Do you have any plans to integrate with/build on other communities modules? i.e. even if it's not perfect, being able to call Ansible or Salt modules from PyInfra would be one way to fill the gap.
Right on.
It's amazing to me that we've spent decades with programming languages and environments which can accurately guess what you're about to type next, which have enormous expressiveness while maintaining cogency, which are intuitive and well understood by humans, which have endless libraries and an infinity of ways of connecting with the world.
And what do we use to configure the most sophisticated infrastructure to run such code? Yet another mark-up language!
Real regexes (actually regular…) are infinitely better than Python code matching the same string (if they are sufficient) - you can compute their intersection, union, complement; check if they can match anything at all (and generate an example automaticallly).
For software builds, Bazel and others use Starlark, which is a restricted Python subset, so builds can be guaranteed finite and can be reasoned about.
Ansible may or may not offer any benefits in return for the limits (I am not an ansible guru), but in general, most tasks do not need a Turing complete configuration/specification language - and it is then better to NOT have Turing completeness.
You've almost guessed the problem. Too much expressiveness is a bad thing. This is a problem I encounter a lot more often then I'd be happy to. It's very often is much easier to build something more generic than what the user actually needs, and then testing it becomes a nightmare.

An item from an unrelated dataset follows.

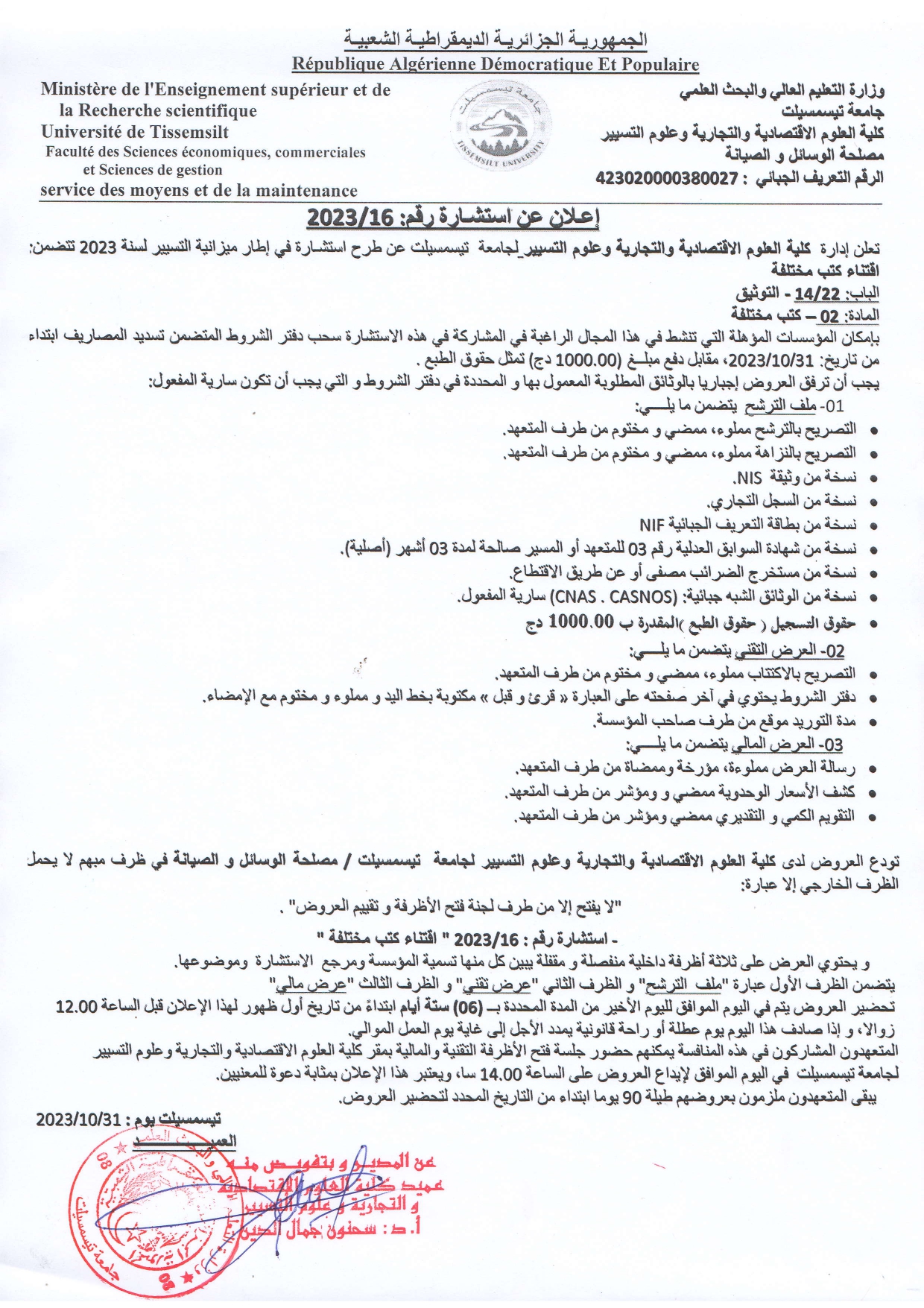 إعلان استشارة رقم 2023/16 المتضمنة اقتناء كتب مختلفة @إعلان عن مناقصات بواسطة admin faculté SECSG آخر تحديث نوفمبر 6, 2023 440 شارك إعلان استشارة رقم 2023/16 المتضمنة اقتناء كتب مختلفة- كليةالعلوم الإقتصادية والتجارية وعلوم التسيير لتحميل الملف بصيغة Pdf اضغط هنا 440 شارك FacebookTwitterGoogle+ReddItWhatsAppPinterestالبريد الإلكتروني

To make this more concrete, here's a case I'm working on right now. Our company provides customers with a tool to manage large amounts of compute resources (in HPC domain). It's possible to run the product on-prem, or in different clouds, or a combination of both. Typically, the management component comes with a PXE boot and unfolds from there. A customer wanted integration with a particular cloud provider that doesn't support this management style, nor can it provide a spare disk to be used for management, nor any other way our management component was prepared to boot.
The solution was to use netboot that would pre-partition the disk and use the first N partitions to store the management component as well as the boot, ESP / bios_grub partition etc. It had to be incorporated into the existing solution that encompasses partitioning and mounting all the resources available to a VM, including managing RAIDs, LVM, DM and so on.
The developers implemented it as a GPT partition name with a pre-defined value that would instruct our code to ignore the partitions found prior to the "special" partition and allow the user to carry on as usual, pretending that the first fraction of the disk simply didn't exist (used by netboot + the management component).
This solved the immediate problem for the user who wanted this ability, but created thousands of problems for QA: what happens if there's a RAID that uses the "hidden" partitions? What happens if the user accidentally creates second /boot partition? What happens if the user wants whole-disk encryption? And so on. It would've been so much better if these questions didn't exist in the first place, than to try to answer them, given the "simple" solution the developers came up with.
If you programmed for just a year, I'm sure you've been in this situation at least a few times already. This is exceedingly common.
* * *
There's an enormous value to being able to restrict the possible ways a program can run. Most GUI projects? -- They don't need infinite loops! It just makes programs unnecessarily hard to verify. But it's "easy" to have a single loop language element that can be made infinite if necessary. Configuration languages exclude whole classes of errors simply by making them impossible to express.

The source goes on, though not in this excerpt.